I'm having difficultly figuring this out. Is the preceding argument logically sound? If this argument is a logical fallacy, which would it be?

Re: Is this logically sound?

Hi Damon.

I am not a mathematician and do not know if the probabilities are equal or not.

Is it logically sound? A complex orderly result emerging from pure chance events - this seems contrary to the thermodynamic law of increasing entropy.

But are the two cases compared the same?

In the biological instance we can refer to laws of nature (or of God, too, possibly) inscribed within the material, which make a chain of deterministic events have the particular orderly result we know.

In the wind instance, the assumption is that there are no such laws, and therefore the probabilities seem very low indeed that it would happen.
Or perhaps, more precisely, we should work backwards, and infer the cause from the effect.

Since we have never empirically observed wind producing a jet plane from debris, we can reasonably say this is highly improbable. If we had observed it, we would say it is inscribed in the nature of things.

Since we have observed living matter, we must seek an explanation for it, and it is reasonable to say that this event was inevitably inscribed in the nature of inanimate matter from the day of the Big Bang.

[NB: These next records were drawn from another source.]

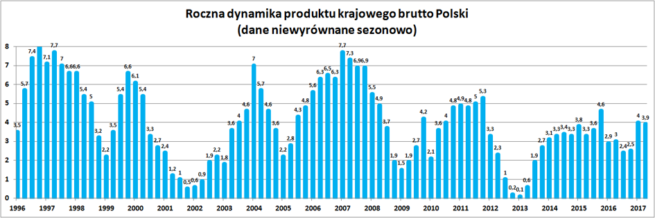 W drugim kwartale 2017 roku roczna dynamika produktu krajowego brutto w Polsce wyniosła 3,9%. Albo 4,4% - jeśli weźmiemy pod uwagę dane wyrównane sezonowo, czyli eliminujące wpływ np. różnicy w liczbie dni roboczych. PKB jest miernikiem niedoskonałym i niepozbawionym licznych mankamentów. Lecz na razie nawet dla większość krytycznie nastawionych ekonomistów PKB pozostaje podstawowym miernikiem tempa wzrostu gospodarczego kraju.
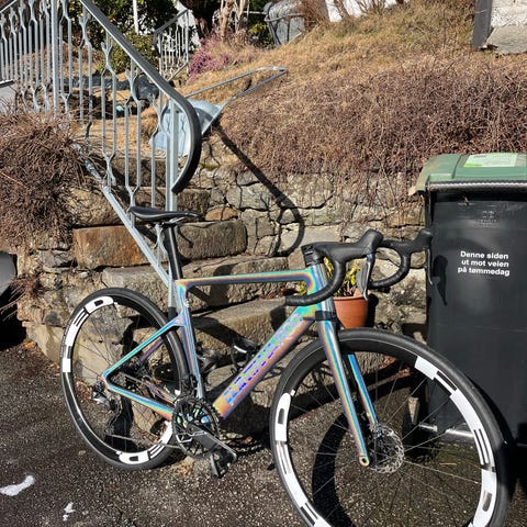 - Fullcarbon, nesten alt på sykkelen er carbon. Til og med spiler er i carbon.
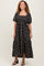 Black Floral Smocked Square Neck Short Puff Sleeve Midi Dress
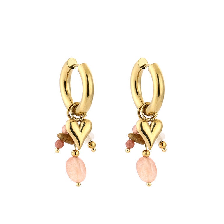 Hele leuke roestvrij stalen oorbellen met kraaltjes en een hartje. De oorbellen zijn ongeveer 4 cm lang en 1,3 cm breed.

The thing to understand is that this natural explanation does not exclude God. Because this is of course the underlying philosophical issue of the given question. The fact is that the scientific narrative does not logically exclude God, so there is no need for believers in God to try and combat it, as many do.

The scientific narrative is sound - and (contrary to what some atheistis scientists claim) logically compatible with belief in God.